Тень от шпаги. Морфология литературного произведения
Илья Михайлович Франк
В этой книге идет разговор о ряде существенных линий в текстах русской, а также западноевропейской литературы (о «линии» зеркала, о «линии» страха падения, о «линии» кружения или кольца, о «линии» восточного чужеземца…). Кроме того, вы увидите, как эти «линии», сопрягаясь между собой, образуют единую динамическую картину.
Илья Франк
Тень от шпаги. Морфология литературного произведения
В моем камине я жгу угли, которые из-за их круглой и однородной формы называют головами монахов. Когда однажды огонь почти угас, я достаю из камина угольную штуку фантастического вида. Петушья голова с роскошным гребешком на почти человеческом туловище с перекрученными членами. Это было похоже на демона из средневекового шабаша ведьм.
На другой день я вынимаю из камина великолепную группу из двух пьяных карликов, которые обнимаются, в то время как их одеяния раздуваются на ветру. Это шедевр примитивного ваяния.
На третий день у меня в руках Мадонна с ребенком в византийском стиле, несравненная по красоте линий.
Знакомый художник заходит ко мне в гости; он рассматривает три статуэтки с возрастающим любопытством и спрашивает, кто их создал.
Август Стриндберг. Inferno
© И. Франк, 2015
© ООО «Издательство ВКН», 2015
Гоголь и бесчисленноглазый Кришна
В гоголевской повести «Портрет» (1833–1842) художник Чартков случайно находит и покупает портрет старика, который словно приковал его к себе своим жутко живым взглядом. С самого начала очевидно, что герой в этом портрете встретил своего злого ангела, своего двойника-антипода, смотрящего на него так, словно в магическом зеркале отразилась сама черная сторона его души. Подобное еще более определенно позже выразится в романе Оскара Уайльда «Портрет Дориана Грея» (1890), где рассказывается, как молодой человек хранит у себя портрет старика – постепенно стареющее изображение самого себя. Но вот что у Гоголя:
«“Что, батюшка, выбрали что-нибудь?” Но художник уже стоял несколько времени неподвижно перед одним портретом в больших, когда-то великолепных рамах, но на которых чуть блестели теперь следы позолоты.
Это был старик с лицом бронзового цвета, скулистым, чахлым; черты лица, казалось, были схвачены в минуту судорожного движенья и отзывались не северною силою. Пламенный полдень был запечатлен в них. Он был драпирован в широкий азиатский костюм.

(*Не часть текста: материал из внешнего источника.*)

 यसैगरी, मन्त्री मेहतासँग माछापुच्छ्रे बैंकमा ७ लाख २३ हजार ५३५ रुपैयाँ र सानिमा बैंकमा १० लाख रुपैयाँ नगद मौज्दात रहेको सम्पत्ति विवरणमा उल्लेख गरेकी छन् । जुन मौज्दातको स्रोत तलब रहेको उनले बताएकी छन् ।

Как ни был поврежден и запылен портрет, но когда удалось ему счистить с лица пыль, он увидел следы работы высокого художника. Портрет, казалось, был не кончен; но сила кисти была разительна. Необыкновеннее всего были глаза: казалось, в них употребил всю силу кисти и все старательное тщание свое художник. Они просто глядели, глядели даже из самого портрета, как будто разрушая его гармонию своею странною живостью. Когда поднес он портрет к дверям, еще сильнее глядели глаза. Впечатление почти то же произвели они и в народе. Женщина, остановившаяся позади его, вскрикнула: “Глядит, глядит”, – и попятилась назад. Какое-то неприятное, непонятное самому себе чувство почувствовал он и поставил портрет на землю».

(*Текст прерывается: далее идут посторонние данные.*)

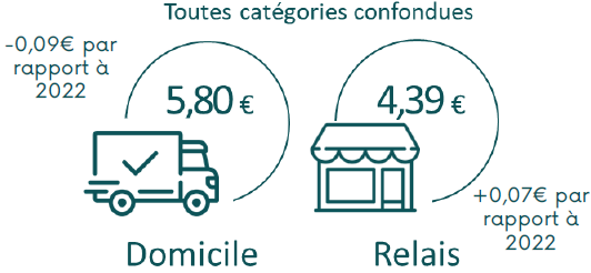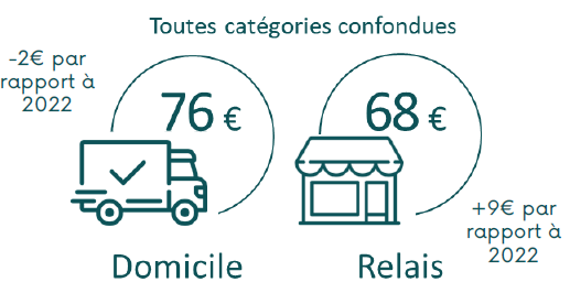 Extrait : les prix de livraison moyens à domicile et en relais, et les montants de panier à atteindre pour bénéficier de la livraison offerte, toutes catégories confondues.

Здесь мы видим три признака двойника-антипода. Во-первых, он находится на портрете, на картине, которую рассматривает герой. Картина здесь является ипостасью злого зеркала: герой смотрится в него и видит искаженного себя. Важно тут и «судорожное движенье», столь свойственное всем дьявольским двойникам, а также самим героям, повстречавшимся с двойниками, – в различных литературных произведениях (например, Метьюрина, Гофмана, Достоевского). Во-вторых, сам пристальный и страшный взгляд (взгляд двойника – то ли взгляд со стороны, то ли отражение собственного взгляда героя, напряженно вглядывающегося в зеркало). В-третьих, азиатское одеяние изображенного на портрете старика. Двойник-антипод должен предстать необычным, экзотическим, потусторонним человеком. Поэтому он часто предстает чужаком, иностранцем, нередко азиатом. Не случайно в повести Гоголя «Невский проспект» художник Пискарев приходит за помощью к «персиянину» (и персиянин дает Пискареву опиум).

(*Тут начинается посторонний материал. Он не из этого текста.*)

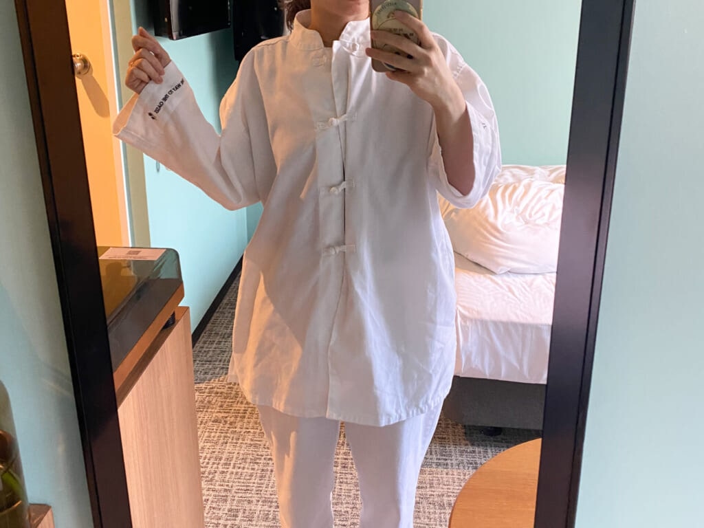 フロントボタンがチャイナ風のフロッグボタンになっていて、ぼんやりする夜の時間にほんの少しのスパイスを与えてくれます。着用すると、生地がしっかり硬めで安心感があり、オアシスでゆっくり安眠できました。

Довольно часто теневой аспект двойника-антипода бывает подчеркнут его высоким ростом или его смуглостью. Таков и гоголевский двойник-Тень. Вот как описан в конце повести персонаж, послуживший натурой для данного портрета:
«Он ходил в широком азиатском наряде; темная краска лица указывала на южное его происхождение, но какой именно был он нации: индеец, грек, персиянин, об этом никто не мог сказать наверно. Высокий, почти необыкновенный рост, смуглое, тощее, запаленное лицо и какой-то непостижимо страшный цвет его, большие, необыкновенного огня глаза, нависнувшие густые брови отличали его сильно и резко от всех пепельных жителей столицы».
Художник Чартков встретил своего личного черта, своего чертовского двойника (о чем, конечно, говорит и сама фамилия художника). Он приносит купленный портрет домой – и ужасается глазам своей Тени:
«Произнесши это, художник вдруг задрожал и побледнел: на него глядело, высунувшись из-за поставленного холста, чье-то судорожно искаженное лицо. Два страшные глаза прямо вперились в него, как бы готовясь сожрать его; на устах написано было грозное повеленье молчать. Испуганный, он хотел вскрикнуть и позвать Никиту, который уже успел запустить в своей передней богатырское храпенье; но вдруг остановился и засмеялся. Чувство страха отлегло вмиг. Это был им купленный портрет, о котором он позабыл вовсе. Сияние месяца, озаривши комнату, упало и на него и сообщило ему странную живость. Он принялся его рассматривать и оттирать. Омакнул в воду губку, прошел ею по нем несколько раз, смыл с него почти всю накопившуюся и набившуюся пыль и грязь, повесил перед собой на стену и подивился еще более необыкновенной работе: все лицо почти ожило, и глаза взглянули на него так, что он наконец вздрогнул и, попятившись назад, произнес изумленным голосом: “Глядит, глядит человеческими глазами!” <…> Это было уже не искусство: это разрушало даже гармонию самого портрета. Это были живые, это были человеческие глаза! Казалось, как будто они были вырезаны из живого человека и вставлены сюда. Здесь не было уже того высокого наслажденья, которое объемлет душу при взгляде на произведение художника, как ни ужасен взятый им предмет; здесь было какое-то болезненное, томительное чувство».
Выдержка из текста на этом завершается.